Akkus argues for xenophobia as a driving force behind the backlash against Arab migrants into Europe.  He asks rhetorically, "Wasn’t xenophobia (or even racism) supposed to be a passed station in the postmodern enlightened world?"
It was, indeed.
The problem is that it is hard to be welcoming to a population wherein significant numbers hold a Koranically-based hostile view of the native population and non-Muslims, in general..  Furthermore, when Swedish citizens of Malmö complain that they have not the living space to accommodate this sudden upsurge in population, with the ice of winter fast approaching, it probably has little to do with xenophobia or Islamophobia.  It is, in fact, primarily due to those "specific and topical events" that Akkus glosses over.
Jewish people, needless to say, are leaving Europe because they are sick of the abuse.  They do not want to need to have their synagogues and Jewish schools guarded by police and they do not want their children harassed, beaten, or murdered on the streets of European cities for the crime of being Jewish.  They also understand very well what it means that they must have armed guards around their social facilities.  It means that they are surrounded by a significant degree of hostility and the worst of that hostility comes from the Arab-Muslim community.
There are two important questions to ask in terms of Jewish emigration from Europe.  How extensive will it be in the coming years?  And what will the semi-departure of the Jewish people mean to Europe?
Chances are that most European Jews are going to stay put.  There is, and will be, a departure of European Jewry, but unless the situation deteriorates further - which is a distinct possibility - it will not represent a majority.  The emigration will, however, be significant and the remaining Jewish population is likely to be negligible in European politics.
As for what the trimming of Jewish people out of Europe means to Europe, it probably will not mean much.  Although it is true that Jewish people tend to punch well above their weight-class culturally and politically, it is also true that Jews represent a tiny portion of the overall European population.
In January of this year, directly after the Parisian Charlie Hebdo / Kosher Market Jihadi Murders, French Prime Minister Manuel Valls claimed that "If 100,000 Jews leave, France will no longer be France."

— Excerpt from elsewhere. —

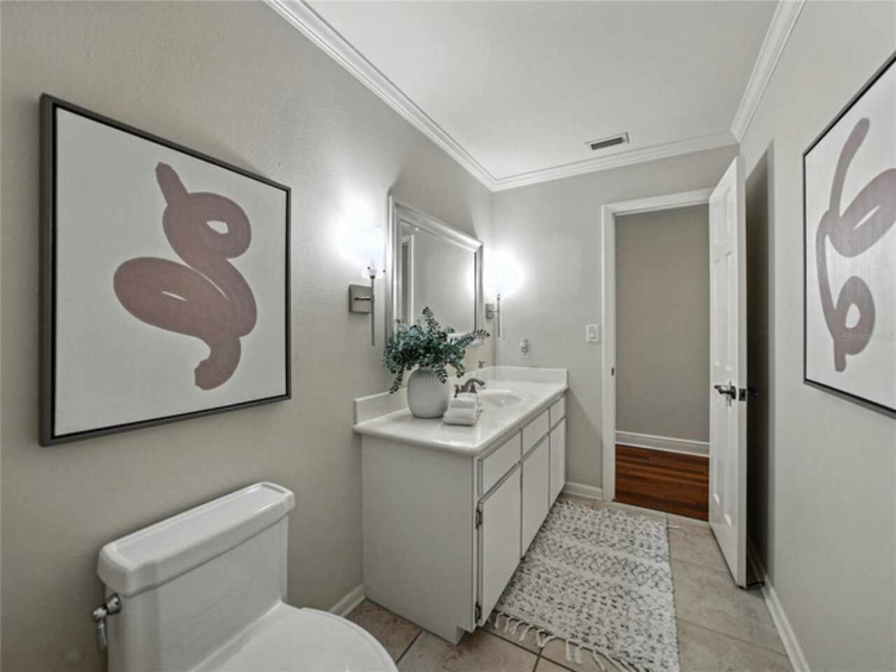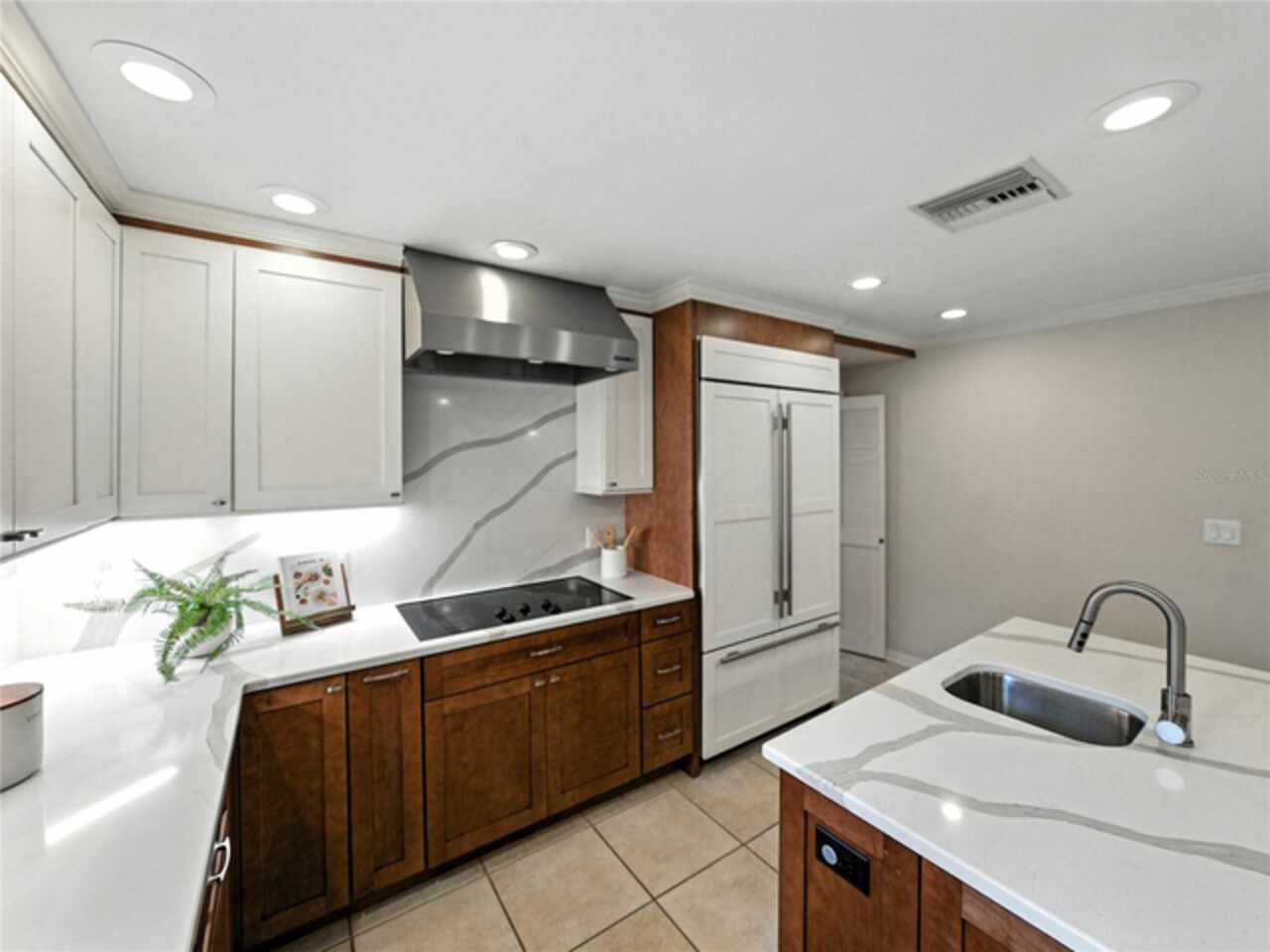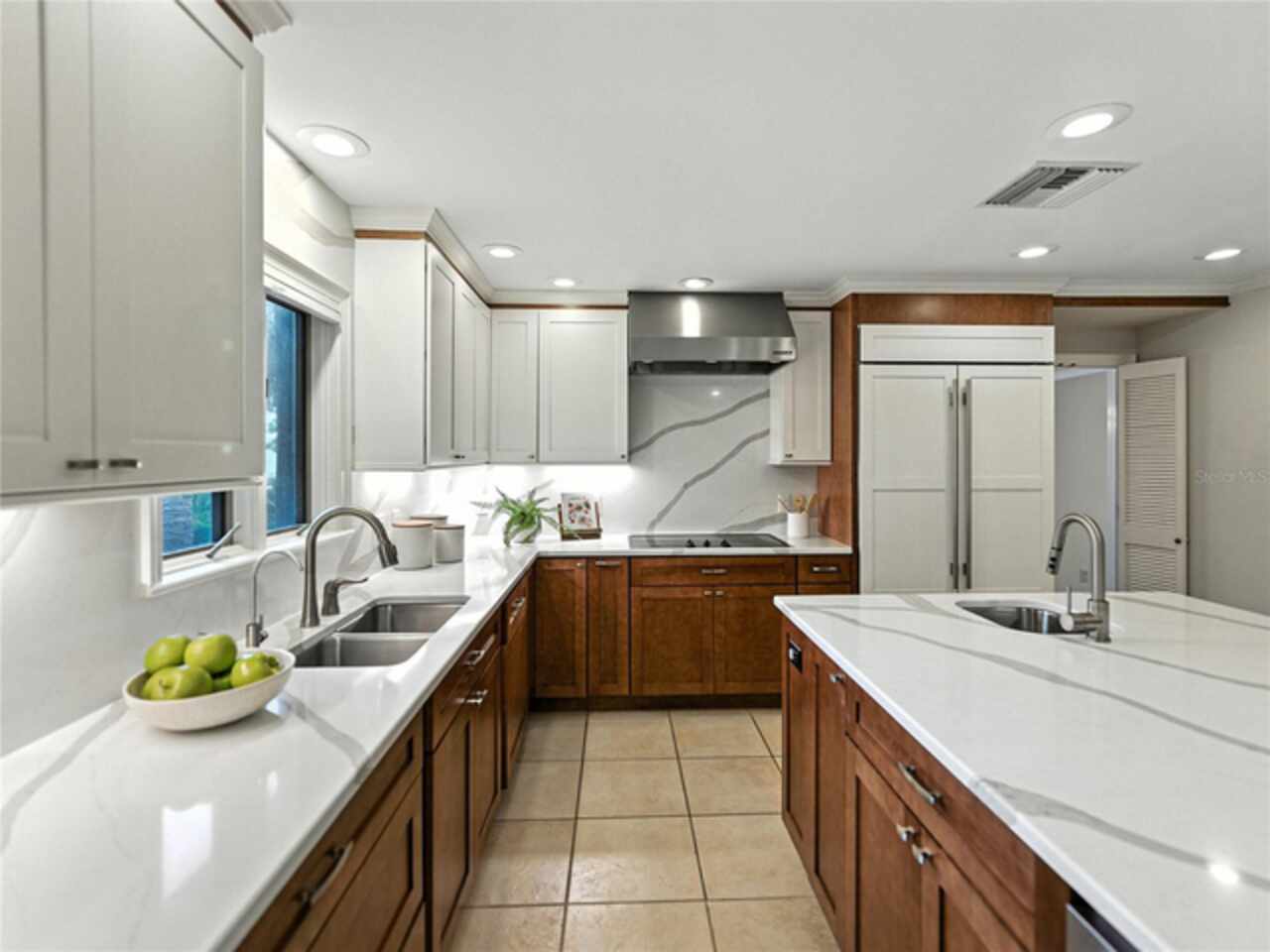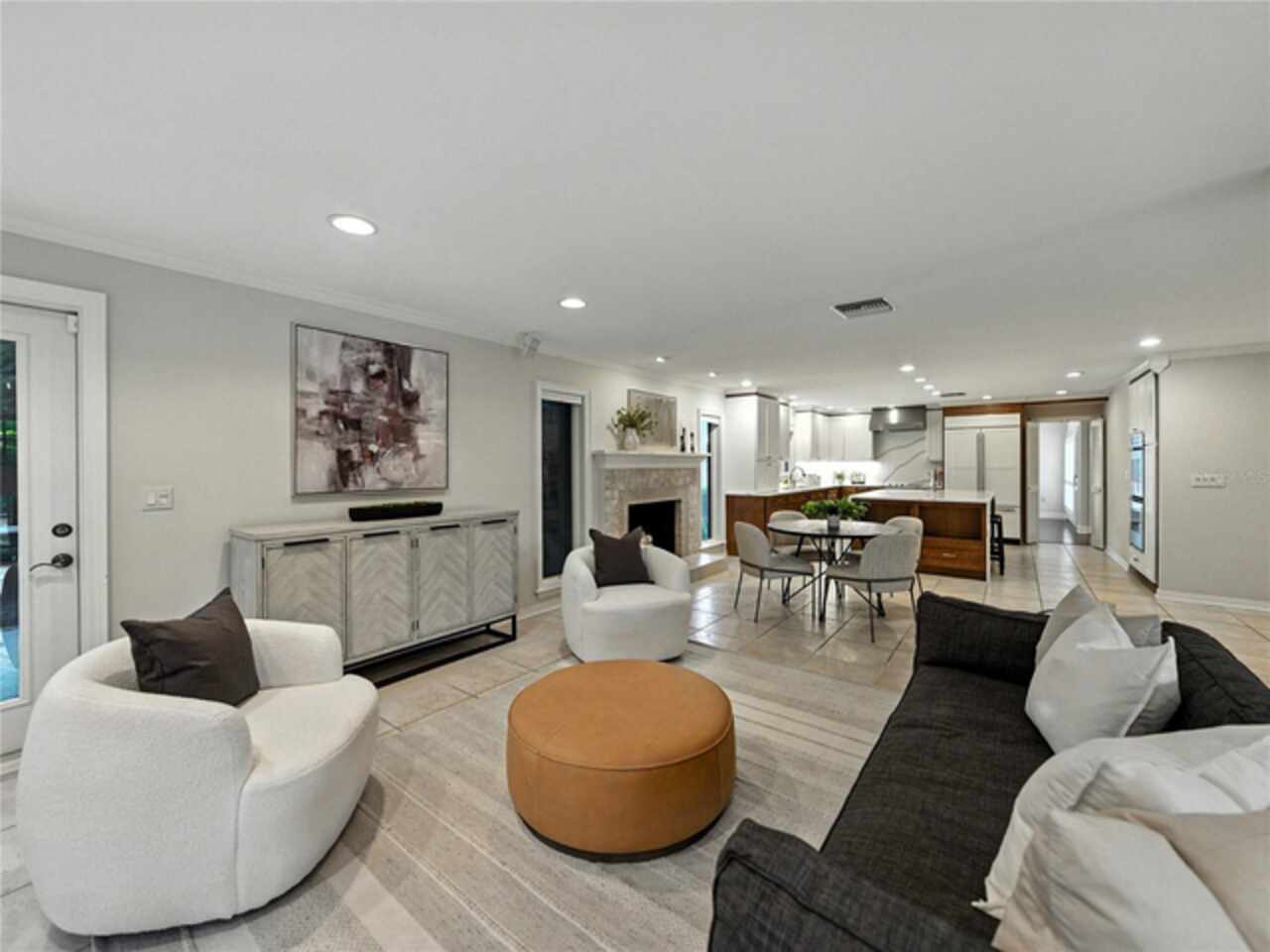 Discover the epitome of French-inspired elegance with this extraordinary architectural gem located in the highly desirable Scott Lake area. This home is situated on a tranquil cul-de-sac, offering stunning views and deeded access to the lake. As you approach via the impressive brick walkway, you'll be captivated by the lush landscaping and timeless brick terraces that enhance the home's allure. Enter through the grand double doors into a space where elegance meets craftsmanship. This exceptional 4-bedroom, 3.5-bathroom residence boasts exquisite architectural details, plantation shutters, and showcases luxury and attention to detail at every turn. The foyer greets you with elegant marble tile and authentic grasscloth wallpaper, setting a tone of richness throughout. Leaded-glass decorative windows introduce you to a charming step-down entertaining room, seamlessly flowing into the formal dining room. With Brazilian cherry hardwood floors and neutral tones adorned with crown molding, the open-concept living area is a masterpiece of design, centered around a gourmet chef’s kitchen. This kitchen is both elegant and functional, featuring an oversized quartz waterfall island, two-tone custom cabinetry, a hidden custom pantry, and top-tier stainless steel appliances, including a Sub-Zero refrigerator. The butler’s pantry, equipped with a second Sub-Zero refrigerator, enhances the home’s entertaining capabilities. Retreat to the master suite, offering serene lake views, a spacious walk-in closet, and a beautifully updated en-suite bath. Additional bedrooms feature their own en-suite bathrooms, with a fourth bedroom perfect for guests or as a home office. The screened-in lanai is an entertainer’s paradise, with floor-to-ceiling windows offering uninterrupted views of the sparkling, saltwater heated pool. This home is equipped with 2 new A/C units and a whole-home generator, ensuring year-round comfort and security. With its thoughtful design, timeless upgrades, and elegant lakeside setting, this home is a must-see. Schedule a private showing to experience its unmatched beauty and charm firsthand.

That is a very nice sentiment, but given the fact that France and the EU fund Hamas, and Hamas calls directly for the genocide of the Jews, it rings a bit hollow.
Drawing upon one of the more famous hadiths, the Hamas charter reads in part:
The prophet, prayer and peace be upon him, said: The time will not come until Muslims will fight the Jews (and kill them); until the Jews hide behind rocks and trees, which will cry: O Muslim! there is a Jew hiding behind me, come on and kill him!
The dwindling of European Jewry will not mean much to Europe.  There will be a small diminishment of European art, culture, literature, science, medicine, philosophy, and human empathy.
However, there will also be a significant and concurrent decrease in anti-Semitic violence, because there will be a significant and concurrent decrease in Jews.
Akkus is not wrong to point to rising xenophobia within Europe as an issue, but no analysis makes sense without a consideration of the "specific and topical events."